Work instructions: Nothing but the lines from the one containing "At Boars Martial" through the last line of the records belongs in the answer, copied exactly and with the pictures left out.

(Beginning of Entries supplied)

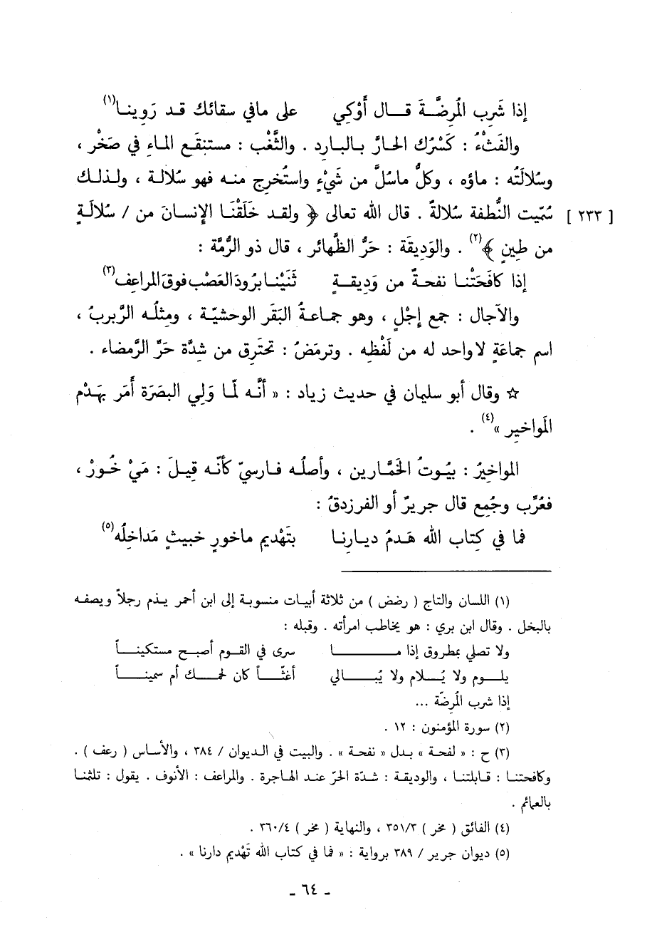 والثَّغْب مستنقع الماء في صخر، وسُلالته: ماؤه, وكل ما سل من شيء واستخرج منه فهو سلالة، ولذلك سميت النطفة سلالة. قال الله تعالى: "233" / {وَلَقَدْ خَلَقْنَا الْإِنْسَانَ مِنْ سُلالَةٍ مِنْ طِينٍ} 2, والوَدِيقة: حر الظهائر قال ذو الرمة:
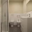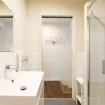 The separate bedroom is furnished with a double bed and a large wardrobe, ensuring space and comfort. The bathroom is complete with all the sanitary fixtures and a shower box.
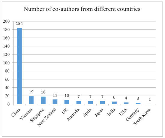 These articles involve 277 co-authors from 12 countries, including China (184), Vietnam (19), Singapore (18), New Zealand (11), and the UK (10), as shown in Figure 5. The most prolific contributing authors in this field are summarized in Table 2. From here we see clearly that China and Singapore have demonstrated great research power in this field, and some famous research teams have emerged from China and Singapore. It is worth noting that these prominent scholars have some kind of academic connection (research scientist, Ph.D candidate, co-investigator, etc.) with the pioneer of MTO, Prof. Ong. In addition, each paper was written by 4.21 co-authors on average.
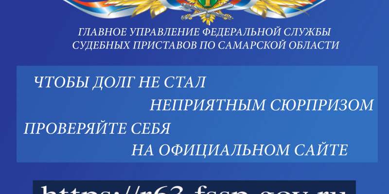 Региональная акция «Узнай о своих долгах» проводится для того, чтобы граждане повышали уровень правовой и финансовой грамотности, лучше понимали принципы работы цифровых сервисов Службы судебных приставов, а также использовали только официальные ресурсы для проверки задолженностей и ее оплаты, сообщает пресс-служба ГУФССП России по Самарской области.
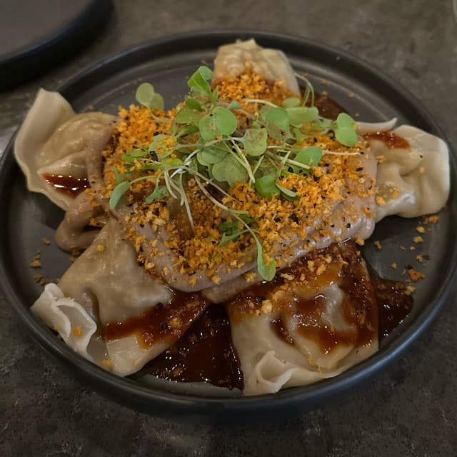 Shiitake, baked tofu, spinach, dark soy, porcini mushrooms, chilli panko, micro arugula, shiitake truffle and spice bean sauce. It was good.
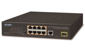 PLANET FGSD-1011HP; PoE přepínač s výkonem 120 W, 8x 10/100Base-TX s možností napájení dalších IEEE 802.3at zařízení, dva uplink 1000Base-X porty 1x TP a 1x SFP.
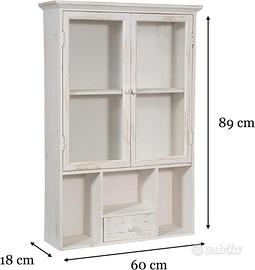 Con dimensioni di 89x60x18 cm, questa vetrinetta da parete è un'opzione salvaspazio ideale, offrendo un'ampia capacità interna senza ingombrare. Il vano inferiore con cassetto aggiunge un'ulteriore possibilità di organizzazione personalizzata.
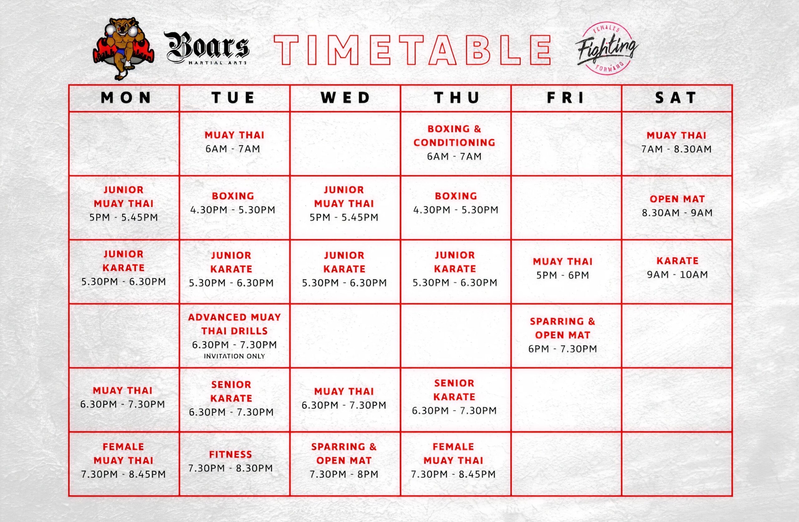 At Boars Martial Arts, we take pride in offering fun, supportive and challenging classes led by experienced coaches who are passionate about Muay Thai and our students. Whether you are stepping onto the mat for the first time or are a seasoned fighter, our classes cater to all ages and abilities.
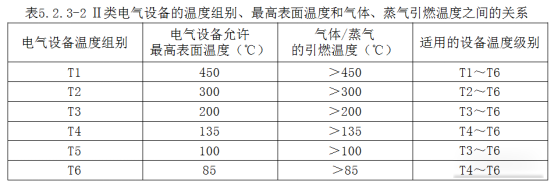 5.2.3 防爆電氣設備的級別和組別不應低于該爆炸性氣體環境內爆炸性氣體混合物的級別和組別,并應符合下列規定:2 Ⅱ類電氣設備的溫度組別、高表面溫度和氣體、蒸氣引燃溫度之間的關系符合表5.2.3-2的規定。
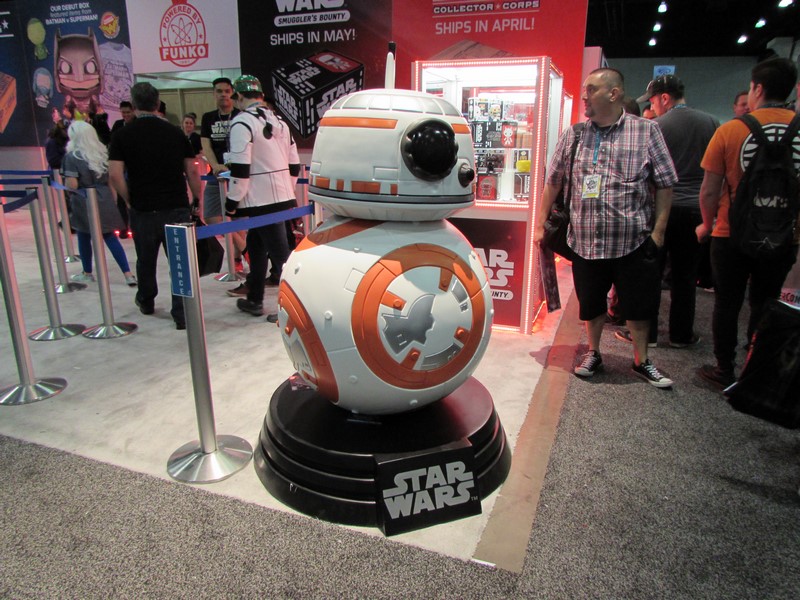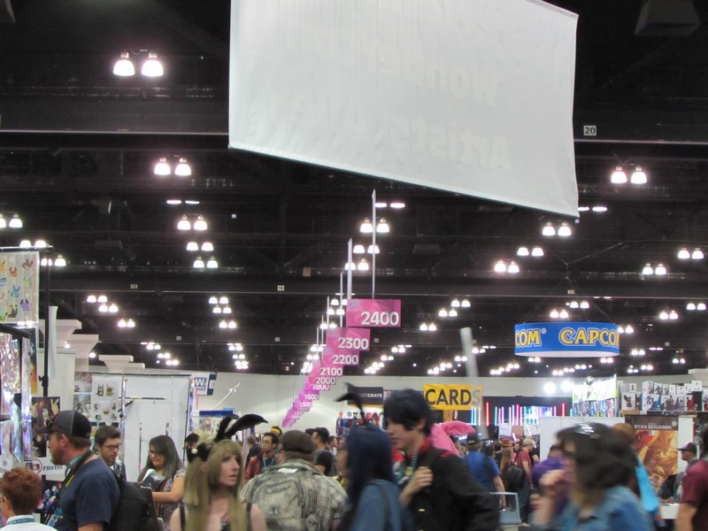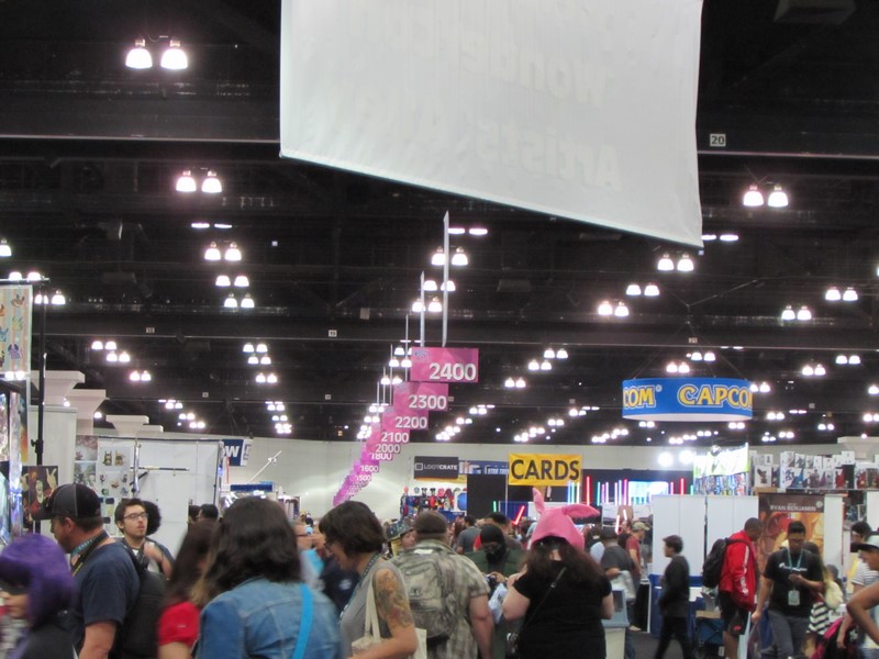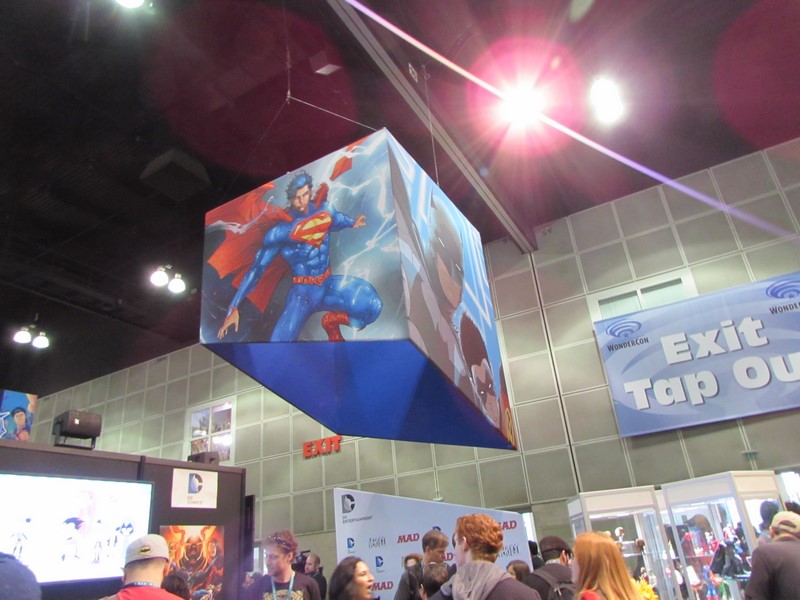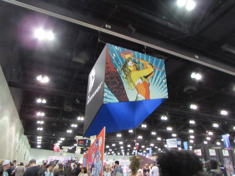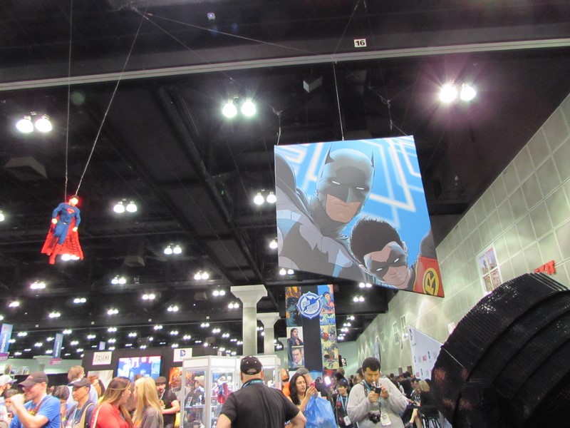 The panel wrapped up around 4:15pm, at which time I walked back over to the Exhibit Hall while I waited for Josh to arrive after getting off of work. I saw a little more of the Exhibit Hall that I hadn’t seen that morning, such as the Comic-Con HQ booth, the DC Comics booth – complete with LEGO Bat Signal and floating Superman, and the Teenage Mutant Ninja Turtles booth, as well as Artists Alley, just to name a few things. I wouldn’t say it was packed, but it was quite a bit more crowded than it had been between noon and 1pm earlier that day.

(End of Entries supplied)

Task solution:
 At Boars Martial Arts, we take pride in offering fun, supportive and challenging classes led by experienced coaches who are passionate about Muay Thai and our students. Whether you are stepping onto the mat for the first time or are a seasoned fighter, our classes cater to all ages and abilities.
 5.2.3 防爆電氣設備的級別和組別不應低于該爆炸性氣體環境內爆炸性氣體混合物的級別和組別,并應符合下列規定:2 Ⅱ類電氣設備的溫度組別、高表面溫度和氣體、蒸氣引燃溫度之間的關系符合表5.2.3-2的規定。
 The panel wrapped up around 4:15pm, at which time I walked back over to the Exhibit Hall while I waited for Josh to arrive after getting off of work. I saw a little more of the Exhibit Hall that I hadn’t seen that morning, such as the Comic-Con HQ booth, the DC Comics booth – complete with LEGO Bat Signal and floating Superman, and the Teenage Mutant Ninja Turtles booth, as well as Artists Alley, just to name a few things. I wouldn’t say it was packed, but it was quite a bit more crowded than it had been between noon and 1pm earlier that day.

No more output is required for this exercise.